Cherry-picked images

2.Fooling Images

我們可以用影象梯度來生成 虛假影象(fooling images)。給定一張圖片和一個目標類,我們可以對該圖片執行梯度上升(將影象梯度不斷地疊加到原圖片上),以產生一個fooling image。該fooling image和原圖片在視覺上非常接近,但是CNN會把它識別成我們預先設定的目標類。

程式碼如下:

def make_fooling_image(X, target_y, model):
    X_fooling = X.copy()
    N,C,H,W = X_fooling.shape      # N=1
    i = 0
    y_pred = -1
    lr = 200.0
    while (y_pred != target_y) & (i<200):
        scores, cache = model.forward(X_fooling, mode='test') # Score size (N,100)
        # The loss function we want to optimize(maximize)
        # loss = scores[np.arange(N), target_y]                 # Size (N,)
        # print loss
        # The gradient of this loss wih respect to the input image
        dscores = np.zeros_like(scores)
        dscores[np.arange(N), target_y] = 1.0
        dX, grads = model.backward(dscores, cache)
        X_fooling += lr*dX
        y_pred = model.loss(X_fooling).argmax(axis=1)
        i+=1
        print 'Iteration %d: current class: %d; target class: %d ' % (i, y_pred, target_y)

    return X_fooling

Left: original image, Middle: fooling image, Right: difference

從上圖結果我們可以看出:CNN依舊無法擺脫維度的詛咒這一難題,因為存在對抗樣本使它無法正確辨識。

05

影象生成(Image Generation)

這一部分我們繼續探索影象梯度,我們將使用不同的方法通過影象梯度生成影象。

1.Class visualization

給定一個目標類(比如蜘蛛),我們可以在一個隨機噪聲影象上,利用梯度上升來生成一個(蜘蛛)影象,並且CNN會把它識別成目標類。

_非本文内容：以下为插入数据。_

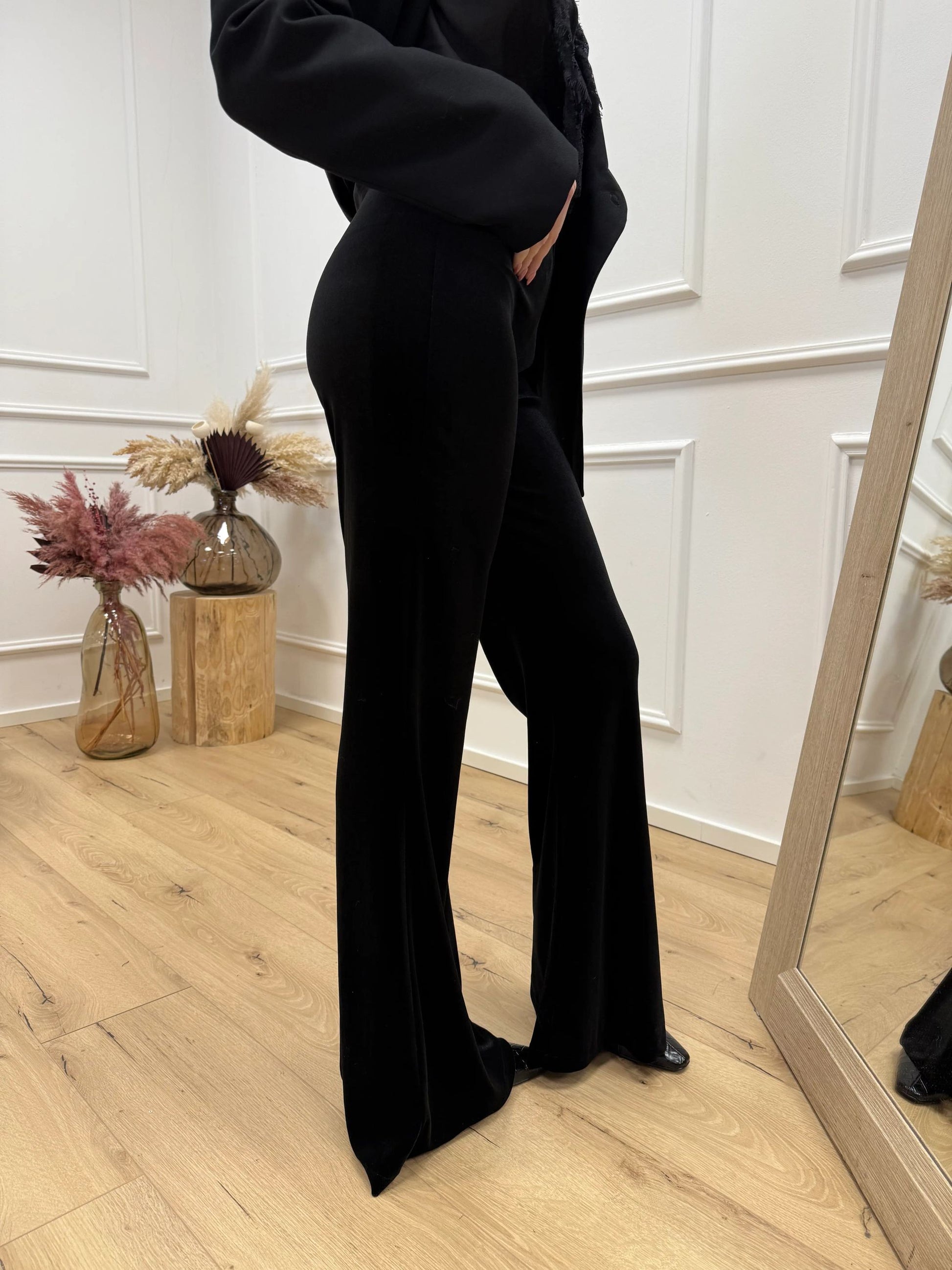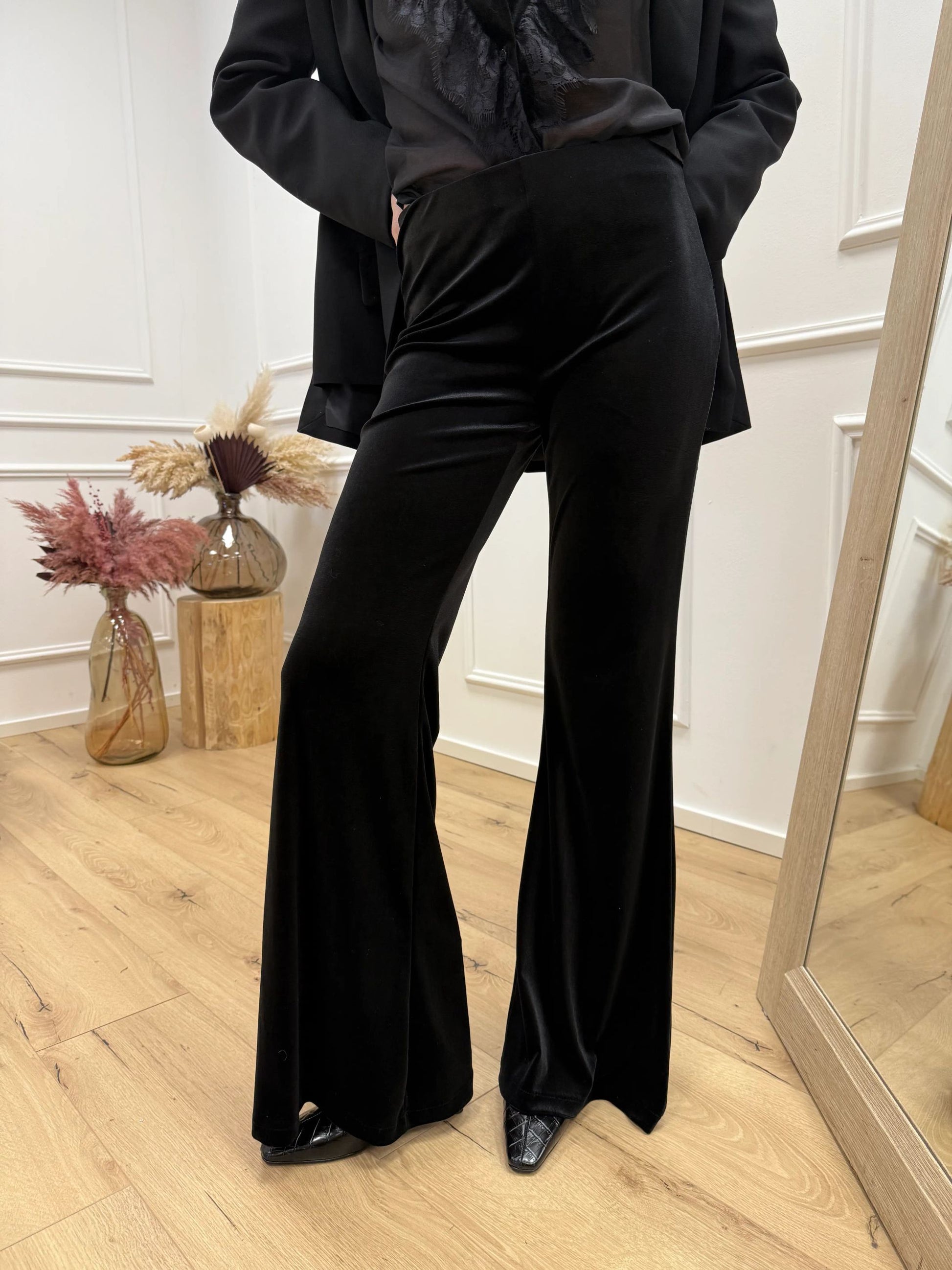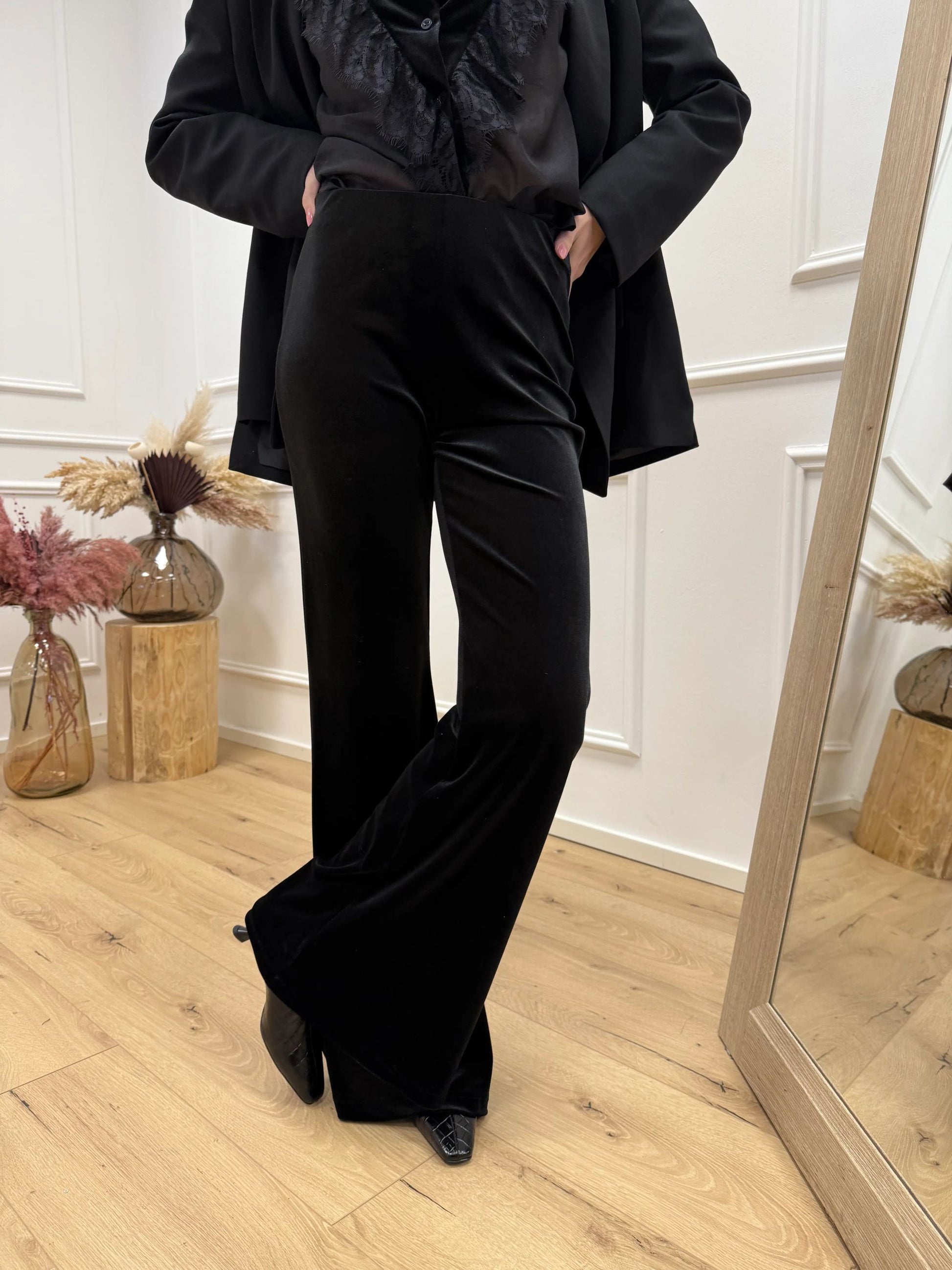 Pantaloni in velluto color nero HaveOne. Modello fit dritto scampato sul fondo con vita medio alto elasticizzata.

具體實現方法可以參見論文:Deep Inside Convolutional Networks: Visualising Image Classification Models and Saliency Maps(https://arxiv.org/pdf/1312.6034.pdf)。

程式碼如下:

def create_class_visualization(target_y, model, **kwargs):

    learning_rate = kwargs.pop('learning_rate', 10000)
    blur_every = kwargs.pop('blur_every', 1)
    l2_reg = kwargs.pop('l2_reg', 1e-6)
    max_jitter = kwargs.pop('max_jitter', 4)
    num_iterations = kwargs.pop('num_iterations', 200)
    show_every = kwargs.pop('show_every', 25)

    X = np.random.randn(1, 3, 64, 64)
    for t in xrange(num_iterations):
        # As a regularizer, add random jitter to the image
        ox, oy = np.random.randint(-max_jitter, max_jitter+1, 2)
        X = np.roll(np.roll(X, ox, -1), oy, -2)

        # Compute the score and gradient
        scores, cache = model.forward(X, mode='test')
        # loss = scores[0, target_y] - l2_reg*np.sum(X**2)
        dscores = np.zeros_like(scores)
        dscores[0, target_y] = 1.0
        dX, grads = model.backward(dscores, cache)
        dX -= 2*l2_reg*X

        X += learning_rate*dX

        # Undo the jitter
        X = np.roll(np.roll(X, -ox, -1), -oy, -2)

        # As a regularizer, clip the image
        X = np.clip(X, -data['mean_image'], 255.0 - data['mean_image'])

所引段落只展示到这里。